• _Your task_: Look through the data below and, wherever a line carries the word "with", please copy that line.

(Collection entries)
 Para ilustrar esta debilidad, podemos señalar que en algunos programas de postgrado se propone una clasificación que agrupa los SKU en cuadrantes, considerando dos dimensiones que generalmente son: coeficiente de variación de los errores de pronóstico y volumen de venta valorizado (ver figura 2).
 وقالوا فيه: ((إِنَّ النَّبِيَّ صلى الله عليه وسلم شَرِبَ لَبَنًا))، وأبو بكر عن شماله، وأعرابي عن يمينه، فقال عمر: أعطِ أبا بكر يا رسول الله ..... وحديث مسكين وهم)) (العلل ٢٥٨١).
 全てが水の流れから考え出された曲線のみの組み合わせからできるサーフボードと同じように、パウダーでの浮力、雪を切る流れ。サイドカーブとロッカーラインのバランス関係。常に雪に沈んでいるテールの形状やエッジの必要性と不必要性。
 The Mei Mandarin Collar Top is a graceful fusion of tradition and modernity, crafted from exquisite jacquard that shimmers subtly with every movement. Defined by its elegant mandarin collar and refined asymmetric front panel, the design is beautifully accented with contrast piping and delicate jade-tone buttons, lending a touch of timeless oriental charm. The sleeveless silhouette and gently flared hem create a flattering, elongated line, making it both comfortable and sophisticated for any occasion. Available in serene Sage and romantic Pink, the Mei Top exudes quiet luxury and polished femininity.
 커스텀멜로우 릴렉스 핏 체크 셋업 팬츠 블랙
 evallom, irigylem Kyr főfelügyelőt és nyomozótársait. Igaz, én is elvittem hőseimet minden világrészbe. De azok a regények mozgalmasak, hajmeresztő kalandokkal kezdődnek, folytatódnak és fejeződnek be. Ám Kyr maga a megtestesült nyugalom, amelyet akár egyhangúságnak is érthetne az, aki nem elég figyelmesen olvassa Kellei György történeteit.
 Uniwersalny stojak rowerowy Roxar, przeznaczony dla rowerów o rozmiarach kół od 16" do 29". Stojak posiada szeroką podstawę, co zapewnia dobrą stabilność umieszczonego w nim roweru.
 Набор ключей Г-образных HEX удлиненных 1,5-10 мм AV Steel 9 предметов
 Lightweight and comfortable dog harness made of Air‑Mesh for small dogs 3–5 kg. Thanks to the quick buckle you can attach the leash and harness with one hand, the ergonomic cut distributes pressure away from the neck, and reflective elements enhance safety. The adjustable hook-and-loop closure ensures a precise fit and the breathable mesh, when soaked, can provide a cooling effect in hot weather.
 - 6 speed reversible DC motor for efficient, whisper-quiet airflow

• _Exercise result_:
 The Mei Mandarin Collar Top is a graceful fusion of tradition and modernity, crafted from exquisite jacquard that shimmers subtly with every movement. Defined by its elegant mandarin collar and refined asymmetric front panel, the design is beautifully accented with contrast piping and delicate jade-tone buttons, lending a touch of timeless oriental charm. The sleeveless silhouette and gently flared hem create a flattering, elongated line, making it both comfortable and sophisticated for any occasion. Available in serene Sage and romantic Pink, the Mei Top exudes quiet luxury and polished femininity.
 Lightweight and comfortable dog harness made of Air‑Mesh for small dogs 3–5 kg. Thanks to the quick buckle you can attach the leash and harness with one hand, the ergonomic cut distributes pressure away from the neck, and reflective elements enhance safety. The adjustable hook-and-loop closure ensures a precise fit and the breathable mesh, when soaked, can provide a cooling effect in hot weather.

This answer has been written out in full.